___ Material provided ___
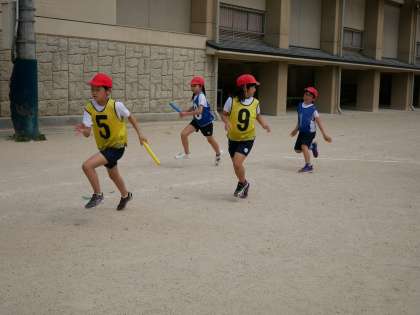 体育科の学習では,「リレー」をしています。
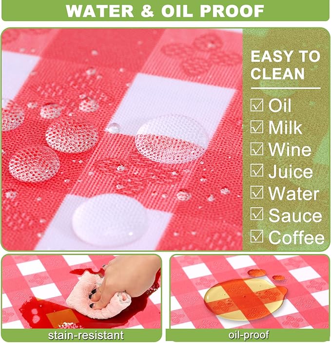 - Oil and Water Proof: Crafted from high-quality polyester, ensures no spills or stains soak in and easy to clean - just wipe it down with a damp cloth, and it's good as new. The material is also colorfast, wrinkle resistant and wear resistant, and whether used indoors or outdoors, this tablecloth will ensure that your table will still look vibrant after multiple uses
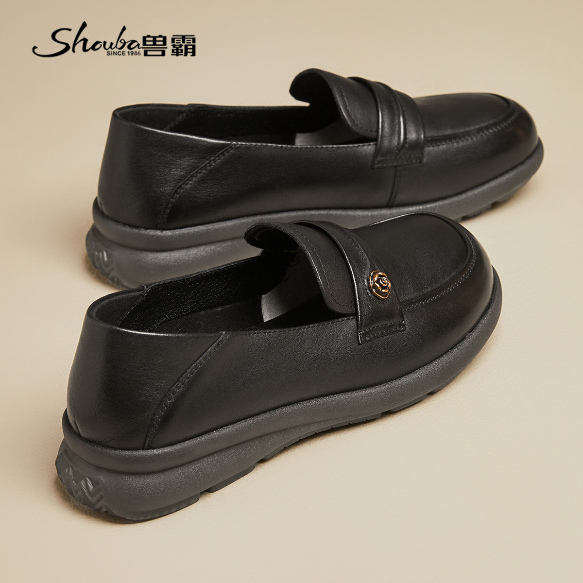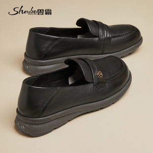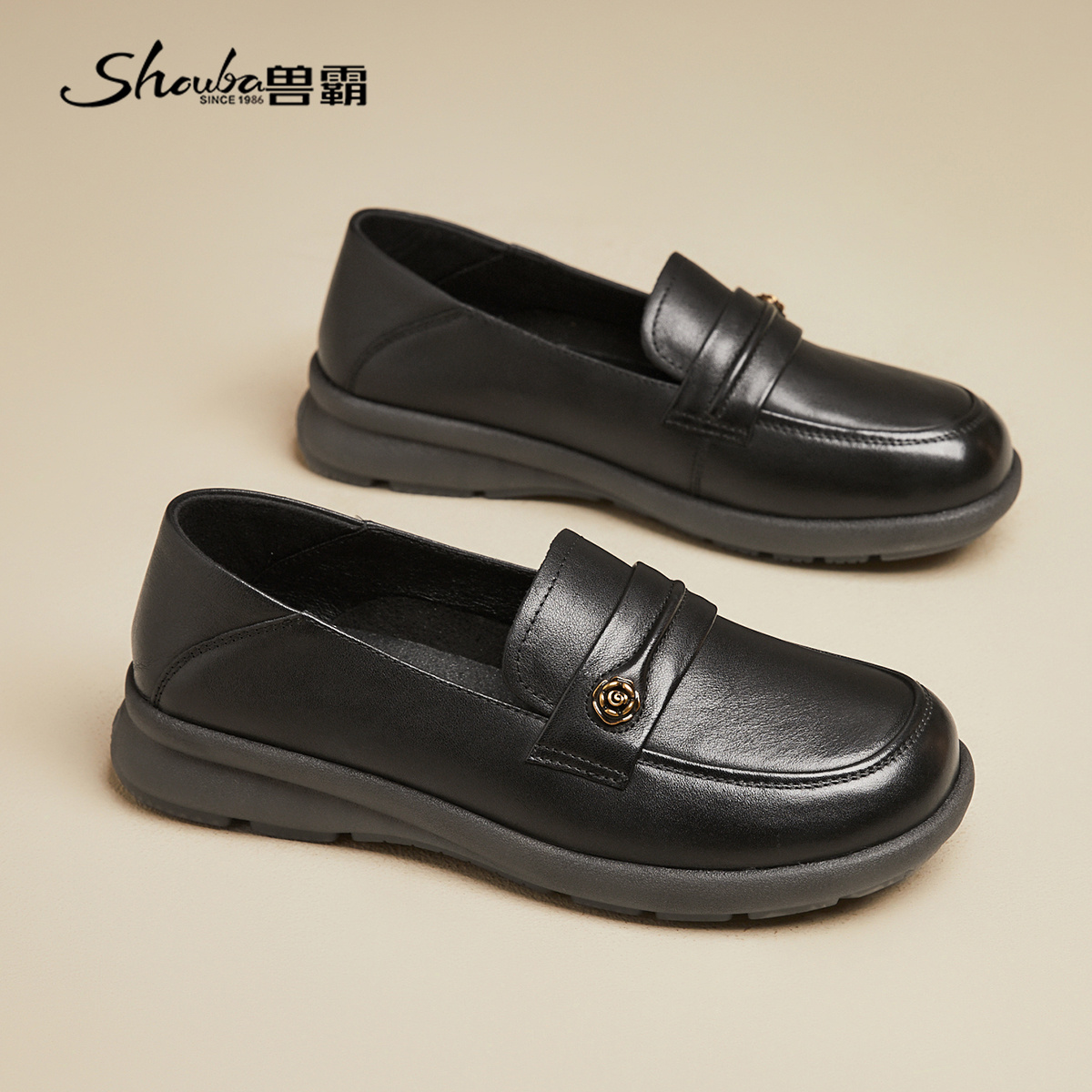 女士百搭休闲一脚蹬豆豆单鞋 春秋真皮软底乐福鞋 2025新款 兽霸女鞋
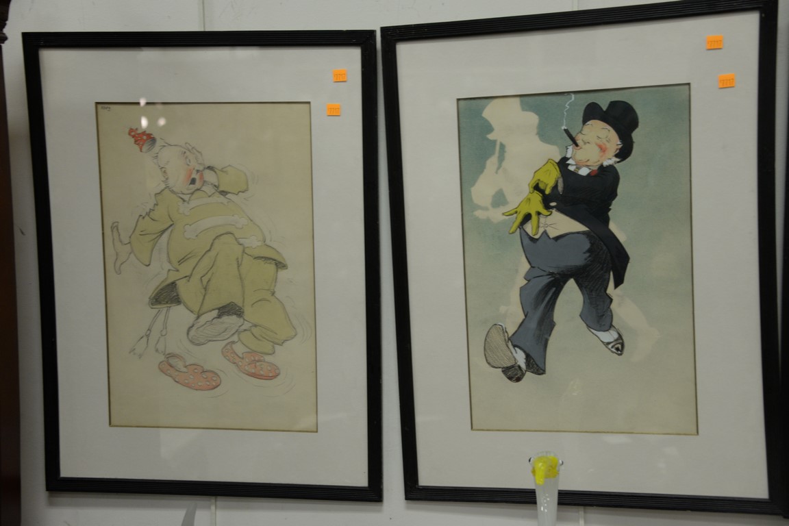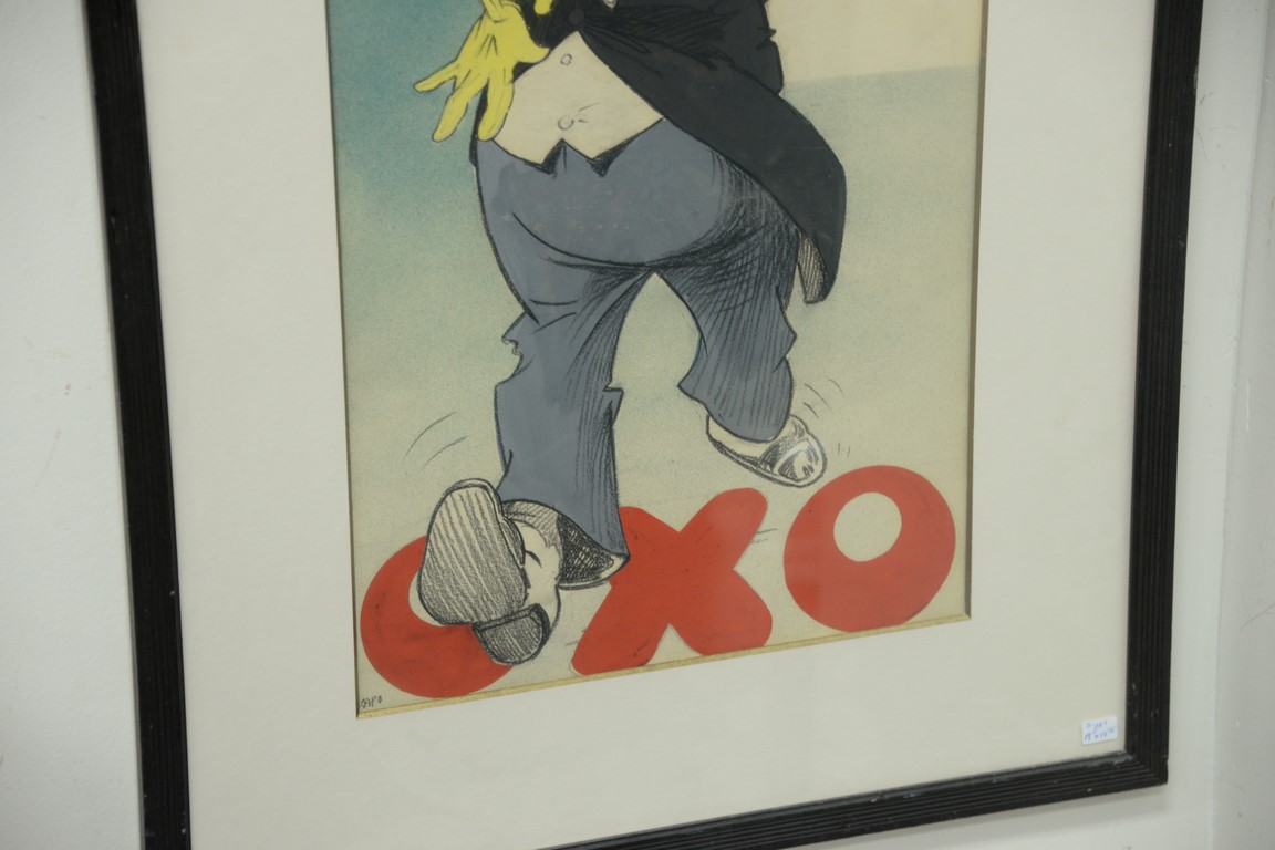 Lot 116: Set of five gouache and pencil Oxo advertising caricature drawings, designs for posters, marked Kapu. sight size 19 x 12 1/2 to 20…
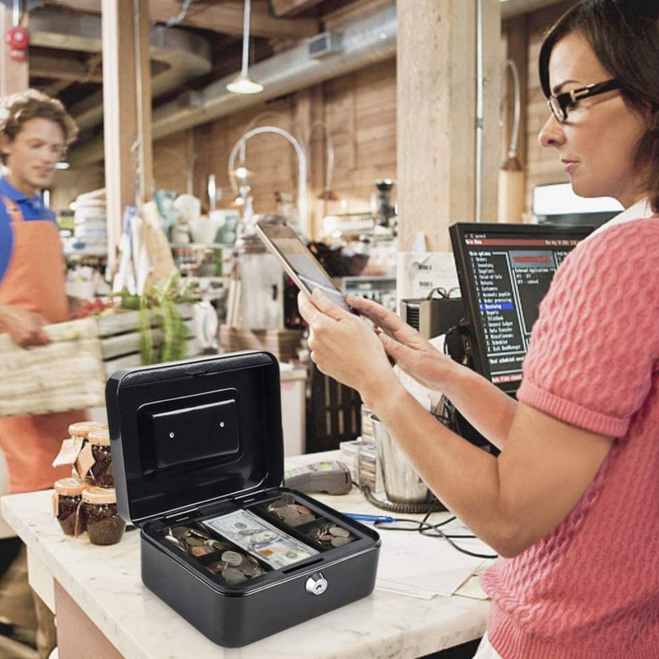 Steel Home Safety Security Safe with Tray Fingerprint & Key Lock for Money Books & Cash
___
Each of the lines above should be transcribed exactly; no image is to be copied.

Task response
 体育科の学習では,「リレー」をしています。
 - Oil and Water Proof: Crafted from high-quality polyester, ensures no spills or stains soak in and easy to clean - just wipe it down with a damp cloth, and it's good as new. The material is also colorfast, wrinkle resistant and wear resistant, and whether used indoors or outdoors, this tablecloth will ensure that your table will still look vibrant after multiple uses
 女士百搭休闲一脚蹬豆豆单鞋 春秋真皮软底乐福鞋 2025新款 兽霸女鞋
 Lot 116: Set of five gouache and pencil Oxo advertising caricature drawings, designs for posters, marked Kapu. sight size 19 x 12 1/2 to 20…
 Steel Home Safety Security Safe with Tray Fingerprint & Key Lock for Money Books & Cash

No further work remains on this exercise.